### [What you have to do]
Exclude the pictures, then copy word for word the lines running from the beginning of the records through the line with "Artiss Blockout Curtains, Triple".

### [Dataset records]
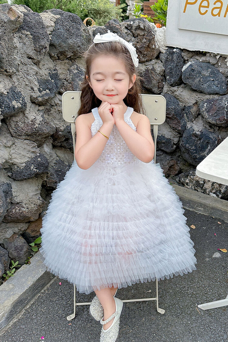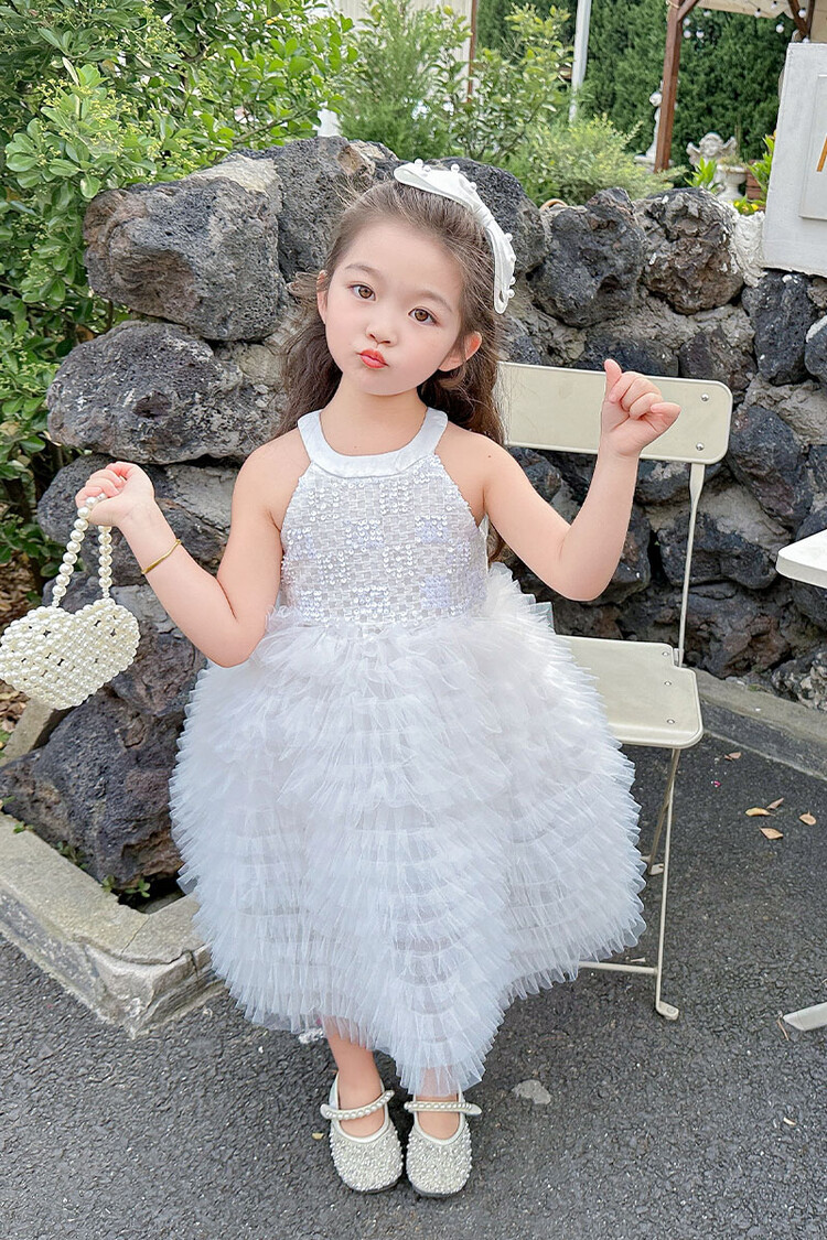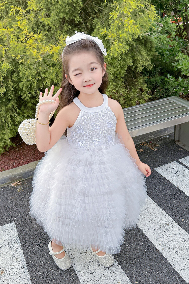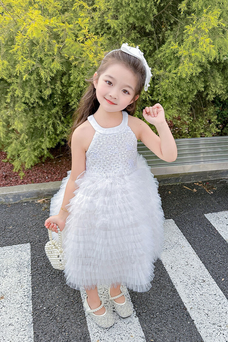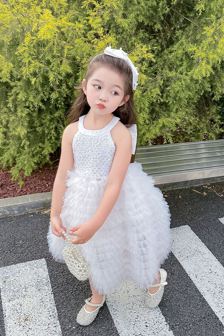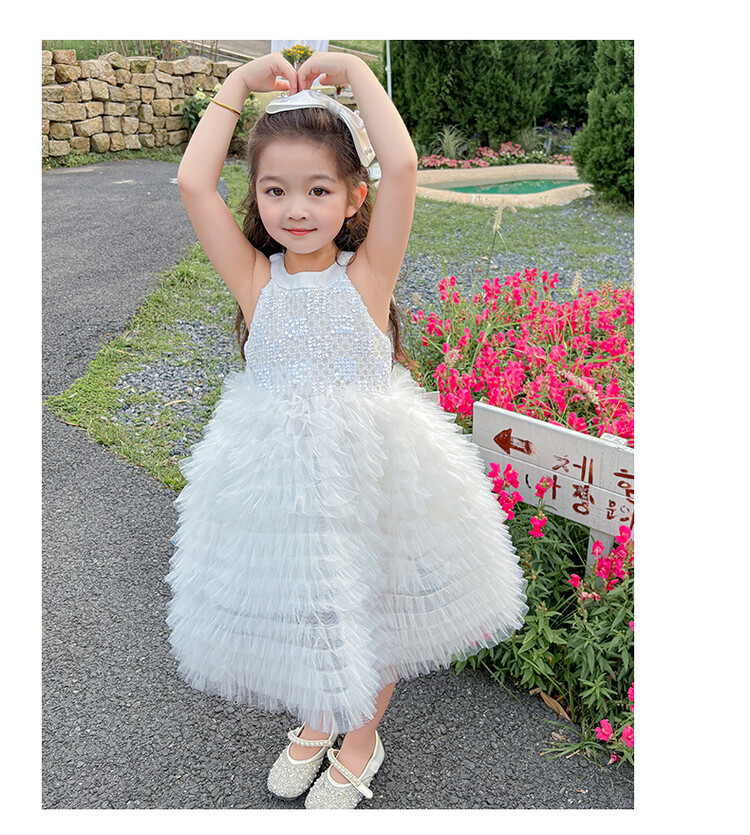 소녀 화이트 스완 원피스 하이 엔드 센스 세퀸 케이크 스커트 소녀 생일 공주 스커트 어린이 6 월 1 일 원피스스토어 가기
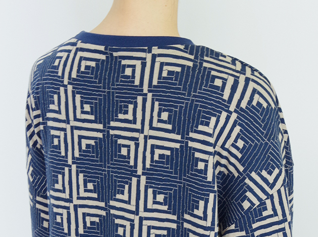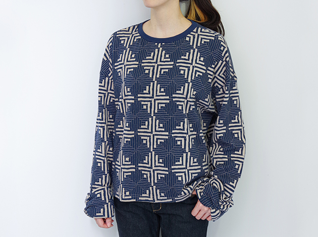 マフォン リバーシブルジャガードニット / ログキャビン柄 杢ダルブルー使用機材
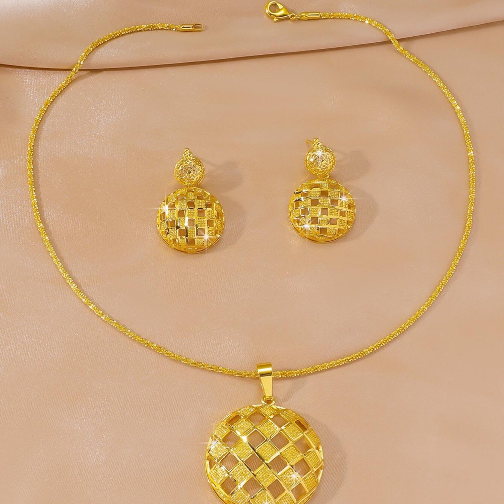 Fashionable Sand Gold Dubai Geometric Grid Round Wedding Jewelry Earring Set Light Luxury Cross-Border New Product Temperament Personality
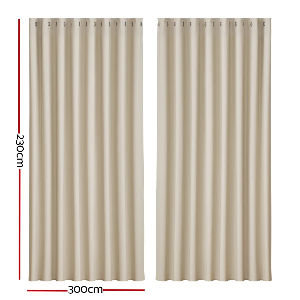 Artiss Blockout Curtains, Triple Weave Fabric, 300x230cm, Beige, Thermal Insulation & Noise Reduction, 2 Panels
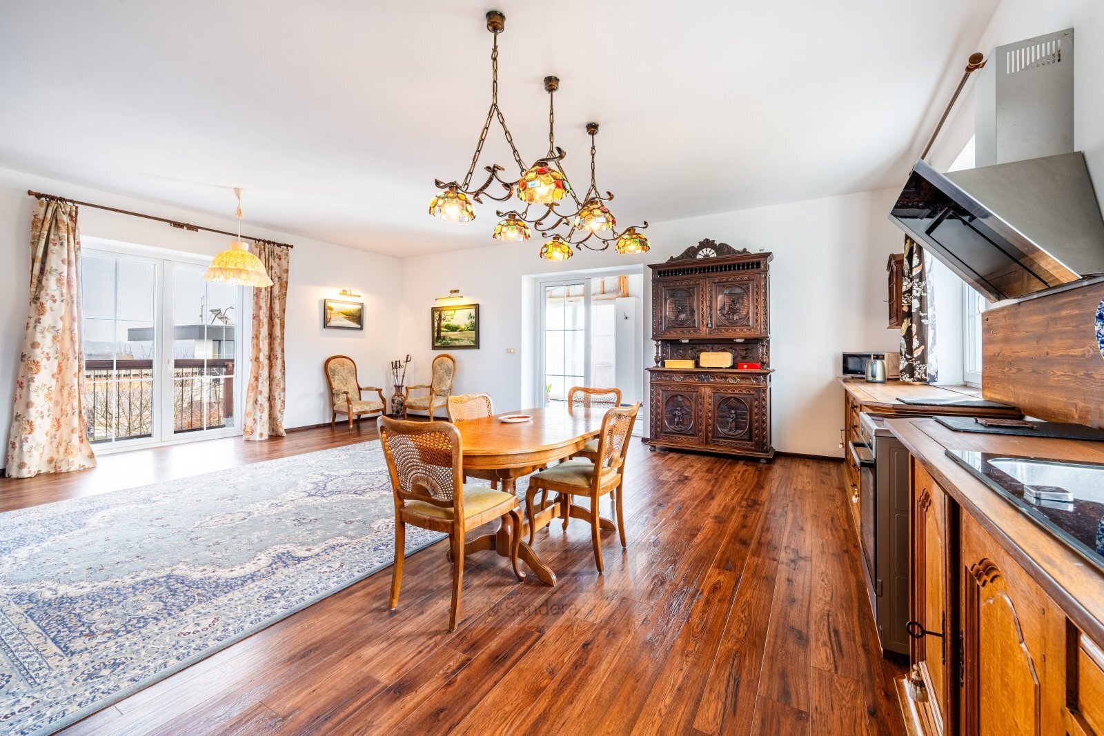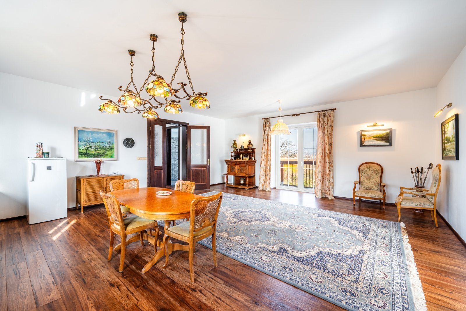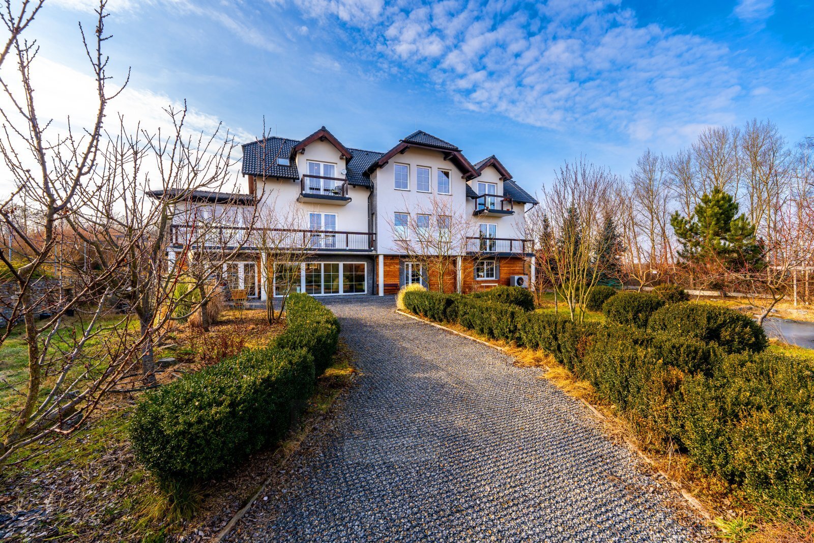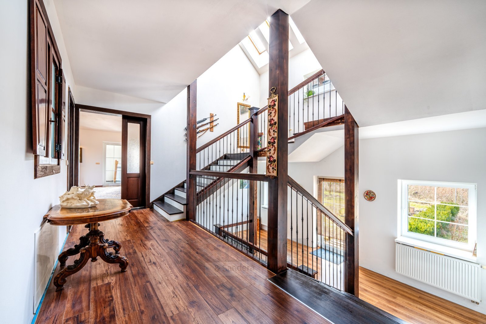 Nabízíme exkluzivní rodinnou vilu v prestižní a klidné části Českých Budějovic – Švábův Hrádek. Tento moderní dům s užitnou plochou 497 m² plus vytápěná zimní zahrada 33 m² byl zkolaudován v roce 2018 a nabízí luxusní bydlení pro náročné. Nemovitost se nachází na rovinatém pozemku, který zahrnuje pečlivě udržovanou zahradu se soukromým jezírkem plným dospělých ryb a bohatou ovocnou zahradou. Prostorné terasy s mimořádným výhledem na celé město a okolní zeleň nenechají nikoho lhostejným. Dům je rozdělen do tří podlaží a poskytuje maximální komfort pro rodinné bydlení. V suterénu se nachází kancelář (pracovna), technická místnost, kotelna, úložné prostory a velká hala o rozloze celkem 82 m2, izolovaná od soukromé plochy, která může být použita jako tělocvična nebo velká garáž nebo jako místnost pro komerční účely. Hlavní obytná část v 1. nadzemním podlaží se pyšní prostornou vstupní halou, která plynule navazuje na obývací pokoj a zimní zahrady. Útulná a prostorná kuchyně s jídelnou je vybavena špičkovými spotřebiči a nabízí dostatek prostoru pro rodinné stolování. Na stejném podlaží se nachází také obývací pokoj nebo pokoj pro hosty a koupelna se sprchovým koutem. Podkroví je vyhrazeno soukromé části domu. Dominantou je dvě ložnice, každá o rozměrech 53,5 m², které mají vlastní šatny. Z balkonů je nezapomenutelný výhled na staré město a park Stromovka. Dále zde nalezneme další prostornou a prosluněnou koupelnu s vanou. Veškeré dřevěné konstrukce a prvky, všechny stupně schodiště, interiérové dveře a kuchyňská linka jsou vyrobeny výhradně z přírodního masivního modřínu, dubu, buku nebo smrku ve střešních trámech. Vytápění zajišťuje dvouokruhový centrální domovní kotel s okamžitým přívodem teplé vody do jakéhokoli kohoutku v koupelně nebo kuchyni na jakémkoli patře a energeticky úsporné tepelné čerpadlo CTC EcoAir 420, na které je záruka do roku 2027. Díky kvalitní izolaci a moderním technologiím spadá nemovitost do energetické třídy B, což garantuje efektivní a úsporný provoz. V celém domě je vedeno podlahové vytápění a automatické řízení teploty, což vám zaručuje absolutní pohodlí v každém ročním období. Lokalita nabízí klidné a bezpečné bydlení s výbornou dostupností do centra Českých Budějovic. V okolí se nachází kompletní občanská vybavenost včetně škol, školek, obchodů, restaurací i sportovišť. Milovníci přírody ocení blízkost parků a cyklostezek. Tato výjimečná vila představuje jedinečnou příležitost pro ty, kteří hledají luxusní a prostorné bydlení na prestižní adrese.

### [Response for this exercise]
 소녀 화이트 스완 원피스 하이 엔드 센스 세퀸 케이크 스커트 소녀 생일 공주 스커트 어린이 6 월 1 일 원피스스토어 가기
 マフォン リバーシブルジャガードニット / ログキャビン柄 杢ダルブルー使用機材
 Fashionable Sand Gold Dubai Geometric Grid Round Wedding Jewelry Earring Set Light Luxury Cross-Border New Product Temperament Personality
 Artiss Blockout Curtains, Triple Weave Fabric, 300x230cm, Beige, Thermal Insulation & Noise Reduction, 2 Panels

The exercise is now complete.